Romney Campaigns in Flatbush

Brooklyn, N.Y., March 21 (Reuters) – Wearing a yarmulke and entering with a cry of “Oy gevalt!,” Republican presidential hopeful Mitt Romney paid a surprise lunch-hour visit to Goldstein’s Kosher Delicatessen today, regaling customers with stories about his days as a “young mensch” when he “noshed on knishes and matzo balls” to gain weight to qualify for his prep school’s squash team.

“My fondest memories of time spent with my father are those glorious summer weekends we went fly-casting for gefilte fish on Lake Michigan,” Romney told the midday crowd, adding that although he doesn’t have any Jewish friends who keep kosher, “I do know a number of kosher food manufacturers.”

Sound Bite to Remember (sports)

“The same things win that always win. The only thing that changes are the excuses when you lose.”

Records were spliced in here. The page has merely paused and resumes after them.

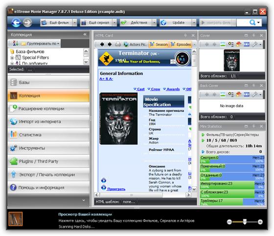eXtreme Movie Manager - интеллектуальная разработка для ведения домашней фильмотеки. Для каждого фильма предоставлено более 70 полей описания, разделенных по подгруппам. Возможность импорта данных со специализированных сайтов, есть возможность создания собственного импорт-скрипта. Программа поддерживает все существующие сегодня форматы файлов от *.avi и *.mpg до RealMedia. При помощи программы можно не только вести учет коллекции, но и воспроизводить видеофайлы. Программа имеет возможность сканировать диск на наличие имеющихся на винчестере мультимедийных файлов, разрешение которых вы укажете в настройках, и автоматически составляет из них каталог.
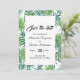 An elegant floral tropical greenery save the date for a wedding card. Templates for names and wedding date. An elegant white background, black letters. Watercolored green palm tree leaves and foliage as a frame.
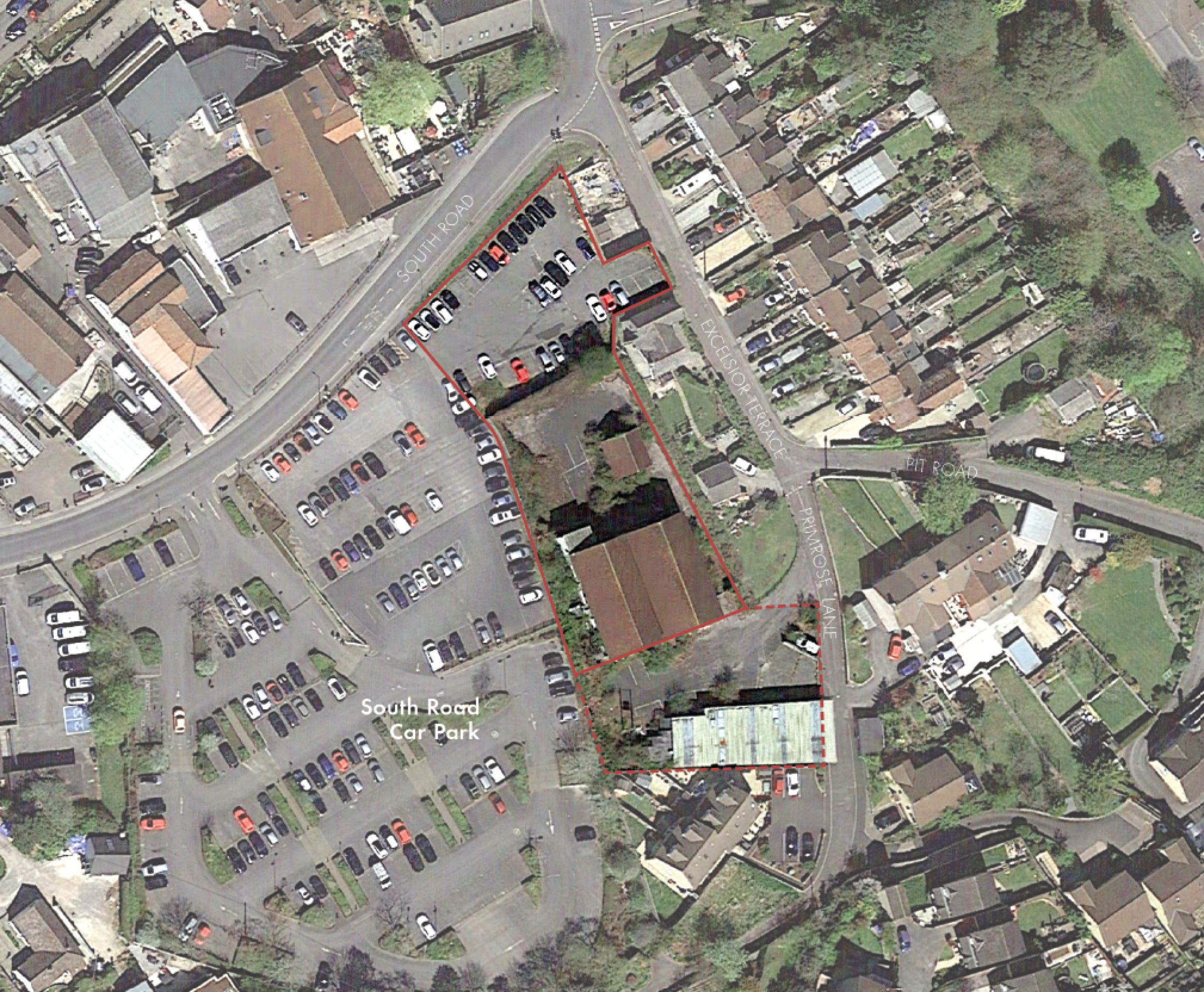 The site has a long border on the west to the town centre car park and is adjoined on the east by a single house plot, which was formerly part of the works, but now occupies a long strip of land that separates the site from Excelsior Terrace.
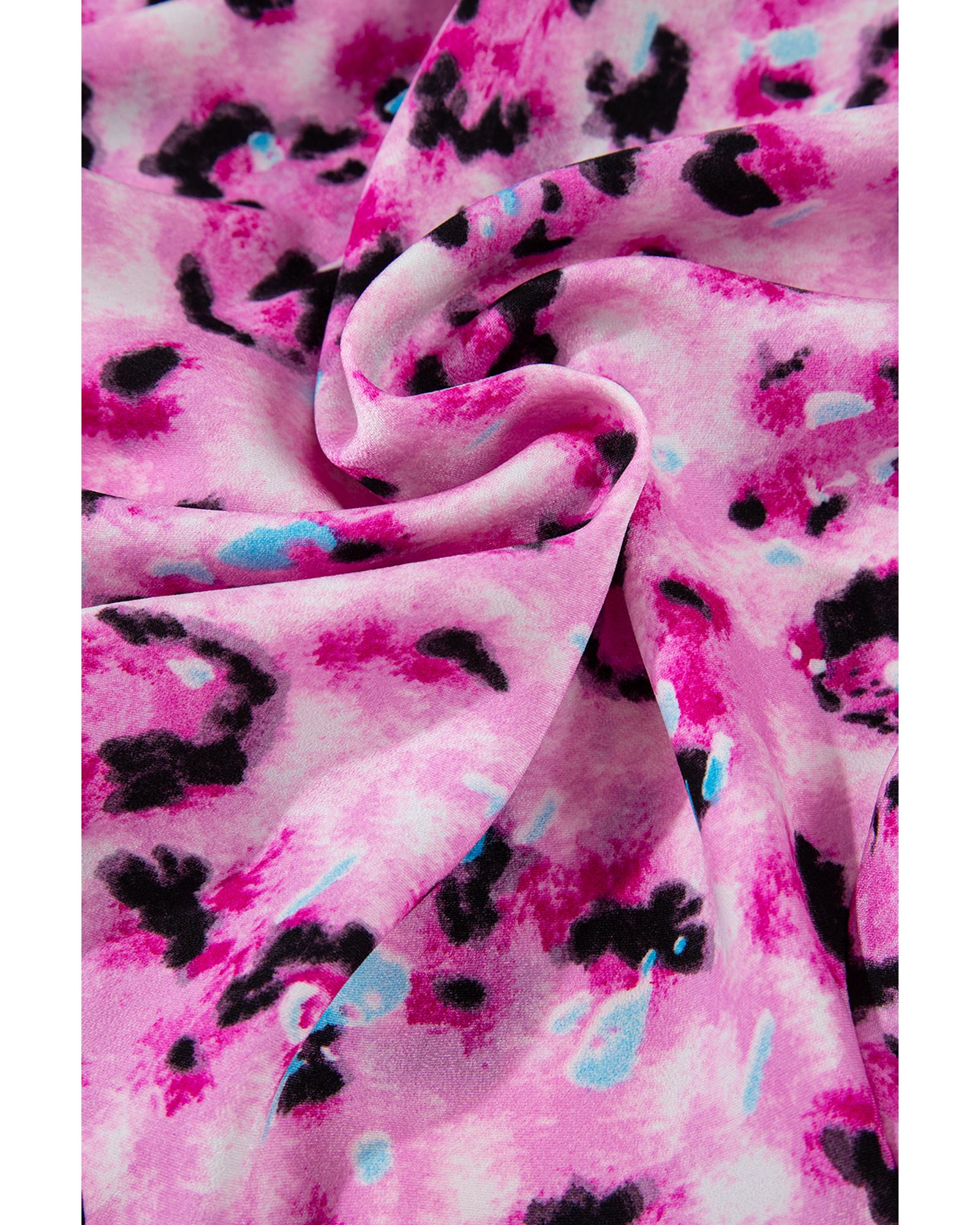 Rose Leopard Print Buttoned Front 3/4 Sleeve Tiered Ruffled Hem Dress – L
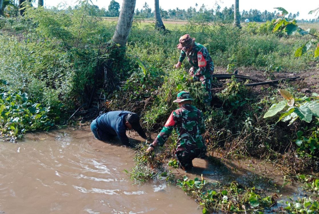 Pinrang_ Demi membantu kelancaran dalam pengolahan lahan pertanian serta mendukung kebutuhan air bagi para petani, Babinsa jajaran Koramil-03/Mattiro Bulu Kodim 1404/Pinrang bersama kelompok tani melaksanakan kerja bakti pembersihan saluran irigasi d Dusun Tanre Assona Desa Padakkalawa Kecamatan Mattiro Sompe Kabupaten Pinrang, Senin (14/04/2025).
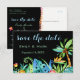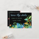 Este cartão postal colorido de Save The Date tropical é perfeito para o casal que terá um casamento na praia havaiana, um casamento na praia da Flórida ou um casamento na praia caribenha. Imagens em aquarela de hibiscos, folhas exóticas, ave-do-paraíso, flores tropicais, abacaxis e palmeiras em um fundo preto adornam o cartão na frente e atrás. Este convite apresenta azul, verde, rosa, laranja, amarelo e vermelho. Personalize o texto para um cartão personalizado. Veja minha coleção completa "Tropical Floral Wedding" para mais itens que você possa precisar para o seu casamento tropical exótico!
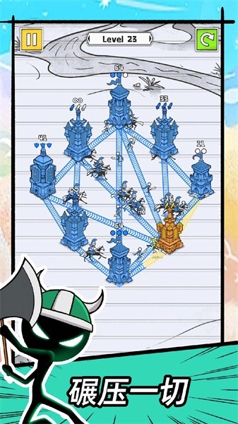 《占下那座塔》是一款火柴人主题的策略塔防游戏,拥有丰富多样的关卡模式,每一关都设有独特的挑战。玩家可以通过合成玩法体验激烈的乱斗,随时搭建防御塔防来完成挑战。游戏采用简约新颖的手绘风格,十分适合在休闲时刻畅玩,快来一起挑战吧!
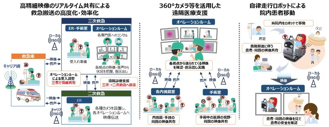 ※これらテーマに加えて、技術実証として、「分散アンテナシステム」及び「中継器」(リピーター)を用いた病院における柔軟な効率的なエリア構築を行い、医療分野におけるローカル5Gの社会実装ユースケースの確立を目指します。
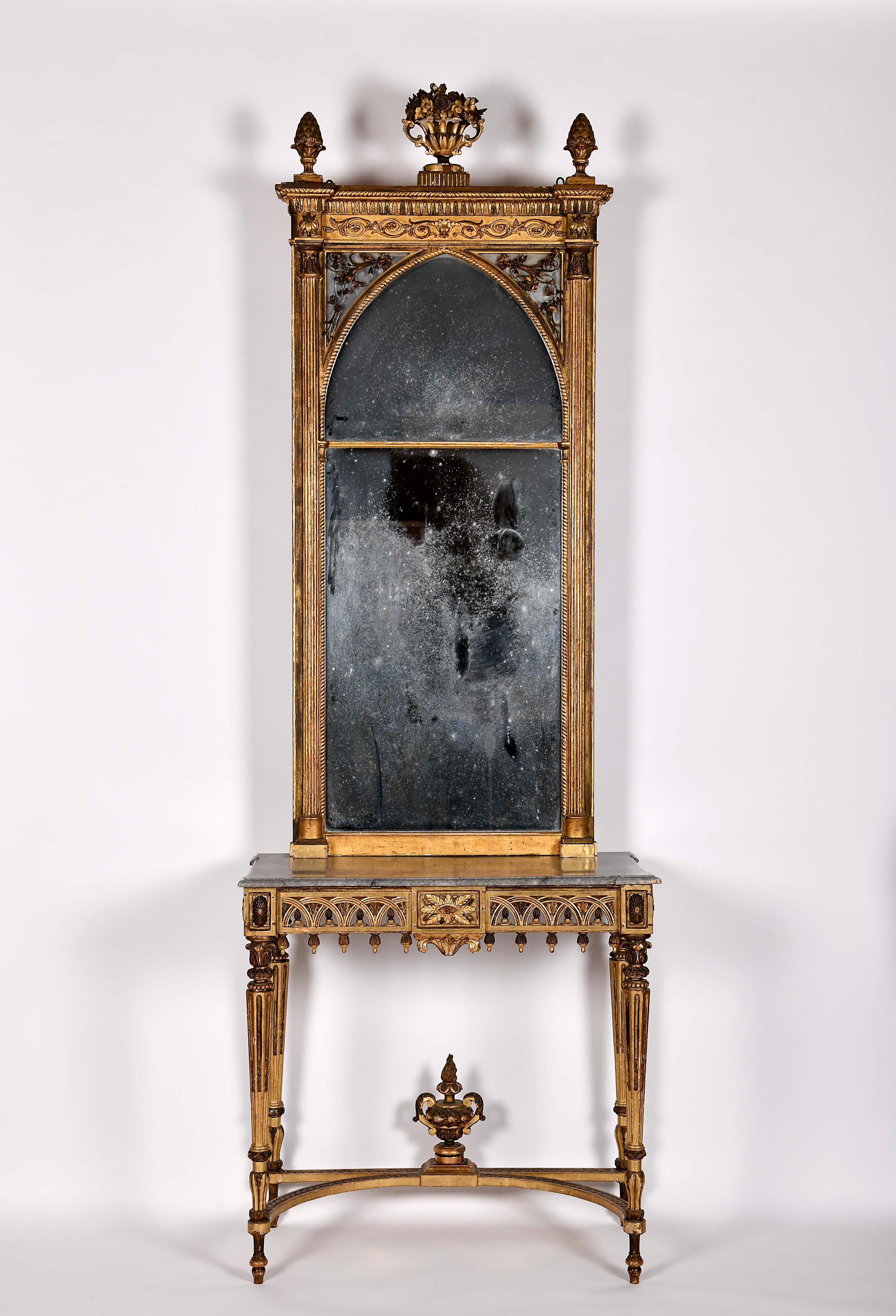 Tremó D. Maria I (1777-1816) madeira entalhada e dourada "Parras e cachos de uvas" topo com pináculos "Pinha", e centro "Ânfora com flores", aplicações em metal "Folhas", tampo de mármore Português pequenas faltas e defeitos, tampo com canto partido e colado Dimensões (altura x comprimento x largura) - 294 x 102 x 53 cm

         –Paul “Bear” Bryant

Of Safety Nets and Muck-Ups Wednesday, Feb 8 2012 

Responding to Mitt Romney’s most recent Mittism – that he’s not concerned about “the very poor” because they have a safety net – Newt Gingrich tells an audience that he’s opposed to even a safety net because it’s part of  “the welfare state.”  Elect me president, says the Herodotus of West Georgia College, and I’ll replace the “safety net” with “a trampoline.” Meaning? Presumably an opportunity for “the very poor” to better their lives by gainful employment cleaning the lavatories at Tiffany.

Not that Republicans in the remaining primary and caucus states don’t have other choices: There is Rick Santorum, the most appealing presidential candidate to come out of Pennsylvania since Milton Shapp, and Ron Paul, who wants to do away with the Federal Reserve, return to the gold standard, and if that doesn’t work, the barter system.

Meanwhile we can take further comfort in having a President who, commenting on an upbeat jobs report, tells a Northern Virginia audience that the economy will continue to improve unless Congressional Republicans choose to – his eloquent choice of words – “muck it up.”

Democracy, said Churchill, is the worst of all forms of government – except for all those other forms.  It’s times like these that make me wonder whether we shouldn’t keep looking.

Sound Bite to Remember

“Never underestimate a man who overestimates himself.”